The expected output is every line of the data exactly as shown, minus the images.

Input data »

-- Opening Marker --

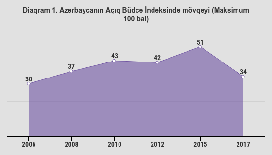 Azərbaycan Açıq Büdcə İndeksi 2017 üzrə 100 mümkün baldan 34-nü toplayaraq 115 ölkə arasında 78-ci sıraya geriləyib. Azərbaycanın topladığı 34 bal 2015-ci ildəki nəticəsindən (51 bal) əhəmiyyətli dərəcədə aşağıdır.
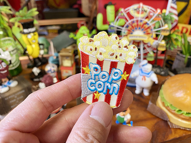 映画館に、遊園地、カーニバルと・・・・楽しいイベントには欠かせないポップコーンをテーマにデザインしたアメリカンポップなワッペンです。
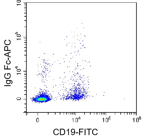 • Staining of normal human peripheral blood mononuclear cells (PBMCs) using FITC CD19 Antibody and APC Human IgG Fc Antibody (Clone: M1310G05) (Catalog Number: H2268). Analysis data derived from lymphocytes.

-- Closing Marker --

Response to this exercise »
 Azərbaycan Açıq Büdcə İndeksi 2017 üzrə 100 mümkün baldan 34-nü toplayaraq 115 ölkə arasında 78-ci sıraya geriləyib. Azərbaycanın topladığı 34 bal 2015-ci ildəki nəticəsindən (51 bal) əhəmiyyətli dərəcədə aşağıdır.
 映画館に、遊園地、カーニバルと・・・・楽しいイベントには欠かせないポップコーンをテーマにデザインしたアメリカンポップなワッペンです。
 • Staining of normal human peripheral blood mononuclear cells (PBMCs) using FITC CD19 Antibody and APC Human IgG Fc Antibody (Clone: M1310G05) (Catalog Number: H2268). Analysis data derived from lymphocytes.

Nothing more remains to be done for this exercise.